U2's Bono to urge U.S. politicians not to cut aid programs
WASHINGTON (Reuters) - Irish rocker and anti-poverty campaigner Bono will appeal to Democrats and Republicans during a visit to Washington this week to spare U.S. development assistance programs from cuts as Congress tries to avert the looming "fiscal cliff" of tax hikes and spending reductions early next year.
The U2 lead singer's visit comes as the Obama administration and congressional leaders try to forge a deal in coming weeks to avoid the economy hitting the "fiscal cliff" - tax increases and spending cuts worth $600 billion starting in January if Congress does not act.

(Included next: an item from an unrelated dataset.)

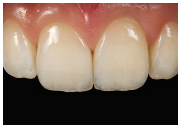
Fig 18 ... veneers with lifelike opalescent and ideal brightness effects and ...

restorations should be protected from light after application of the bonding agent (Heliobond® in this case). To prevent the conditioned surfaces from becoming contaminated, they should be etched and silanated not in the dental laboratory but immediately before they are placed in the oral cavity in the dental practice.

Analysts say the absence of a deal could shock the United States, the world's biggest economy, back into recession.
Kathy McKiernan, spokeswoman for the ONE Campaign, said Bono will hold talks with congressional lawmakers and senior Obama administration officials during the November 12-14 visit.
During meetings he will stress the effectiveness of U.S. foreign assistance programs and the need to preserve them to avoid putting at risk progress made in fighting HIV/AIDS, tuberculosis and malaria, she said.
Bono, a long-time advocate for the poor, will argue that U.S. government-funded schemes that support life-saving treatments for HIV/AIDS sufferers, nutrition programs for malnourished children, and emergency food aid make up just 1 percent of the U.S. government budget but are helping to save tens of millions of lives in impoverished nations.
The One Campaign would not elaborate which lawmakers and senior Obama administration officials Bono will meet.
On Monday, Bono will discuss the power of social movements with students at Georgetown University. He will also meet new World Bank President Jim Yong Kim for a web cast discussion on Wednesday on the challenges of eradicating poverty.